Filing for bankruptcy is never an easy decision. Bankruptcy laws are in place to protect consumers and give second chances to people who are unable to manage their debt. But many consumers who could benefit from filing for bankruptcy hesitate to do so, often out of a sense of pride.
In many cases, individuals who need to file for bankruptcy but hesitate are just delaying the inevitable. Waiting to file for bankruptcy often causes financial problems to become much worse. However, knowing whether you should file and when to file for bankruptcy can be difficult.
Consequences of Waiting to File
It’s common for people with major financial problems to procrastinate filing for bankruptcy – this time period of waiting is sometimes referred to as a financial “sweatbox”. This is when someone who eventually will be forced to file for bankruptcy attempts to avoid doing so by forgoing basic needs like food or medical care. Additionally, during this time period, these people are at risk of asset depletion and debt collection lawsuits.

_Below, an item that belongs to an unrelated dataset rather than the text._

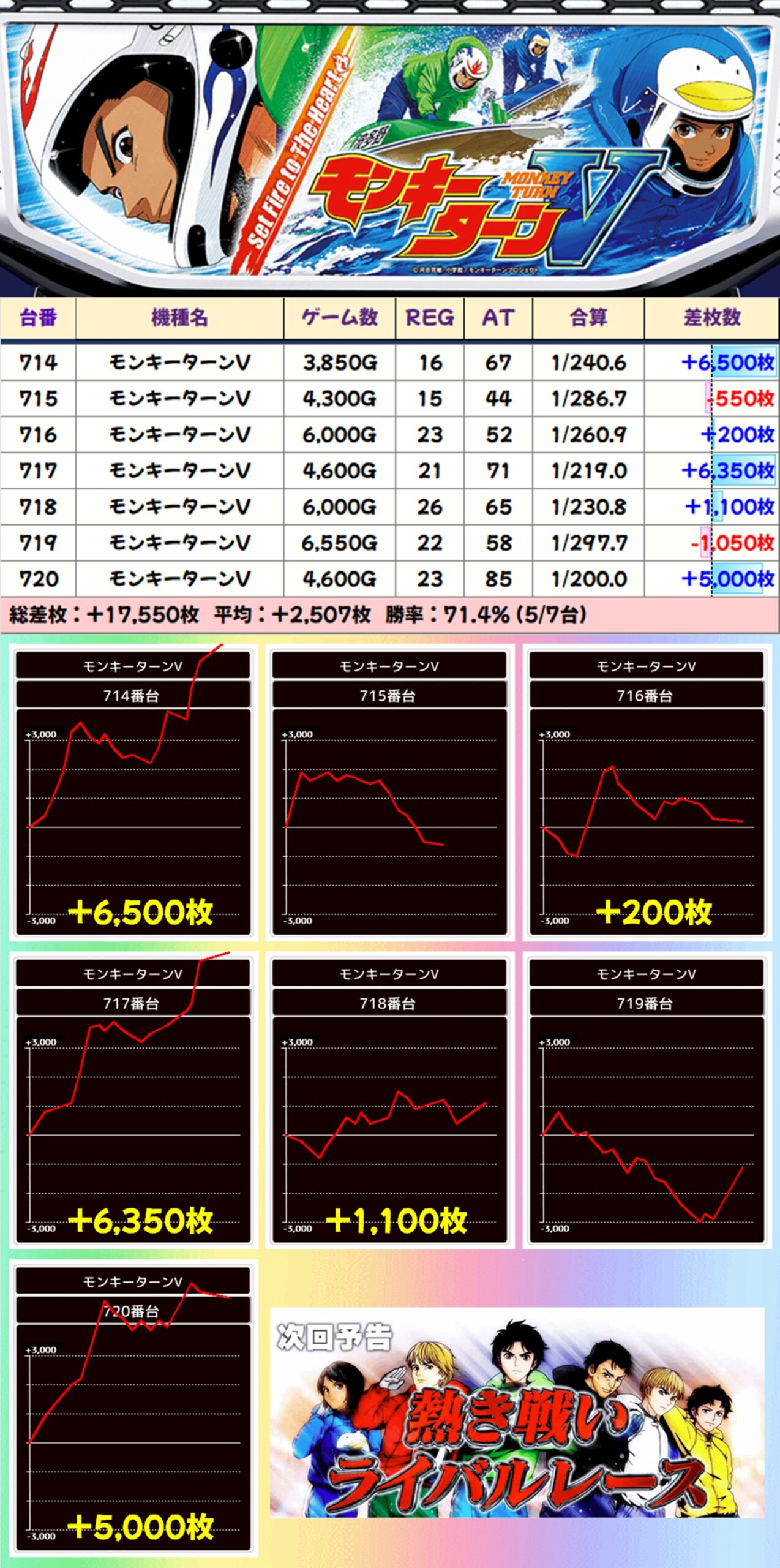 【列全】モンキーターンV(714-720番台)→平均+2,507枚

A report by the Notre Dame Law Review found that the longer you stay in the sweatbox, the more difficult your financial problems will become once you do finally come to terms with your dire financial situation and file for bankruptcy. Researchers used data from the Consumer Bankruptcy Project, which is a long-term academic research project that studies those who file bankruptcy, their reasons for doing so, and the consequences of filing.
More than ⅔ of those surveyed were “long strugglers” – a term used to refer to people who stay in the sweatbox for more than two years. Almost ⅓ waited five years or longer before they filed for bankruptcy.

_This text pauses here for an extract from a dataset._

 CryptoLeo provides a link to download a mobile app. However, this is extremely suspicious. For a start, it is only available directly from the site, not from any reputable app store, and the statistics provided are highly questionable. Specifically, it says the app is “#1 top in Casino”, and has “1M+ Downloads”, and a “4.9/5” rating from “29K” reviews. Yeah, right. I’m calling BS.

The report found some troubling consequences for those who wait too long to file for bankruptcy:
- On average, long strugglers have half the median assets as those who wait less than two years to file bankruptcy.
- Long strugglers have a median debt-to-income ratio 40% higher than other debtors.

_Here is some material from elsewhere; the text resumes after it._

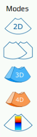 Modes panel lets choose view between 2D, xPlane, 3D, 4D or Doppler. Hover over any of the modes to see its short description:

- Approximately 50% of long strugglers have faced debt collection lawsuits, compared to 35% for other debtors.
When Should I File For Bankruptcy?
It can be difficult admitting that you need financial help. Sometimes, people who find themselves in deep financial trouble are hesitant to file for bankruptcy out of a risk of looking like a failure. But bankruptcy is much more common than you may realize, and there is no shame in seeking out the assistance you need to recover financially. These laws are in place for a reason.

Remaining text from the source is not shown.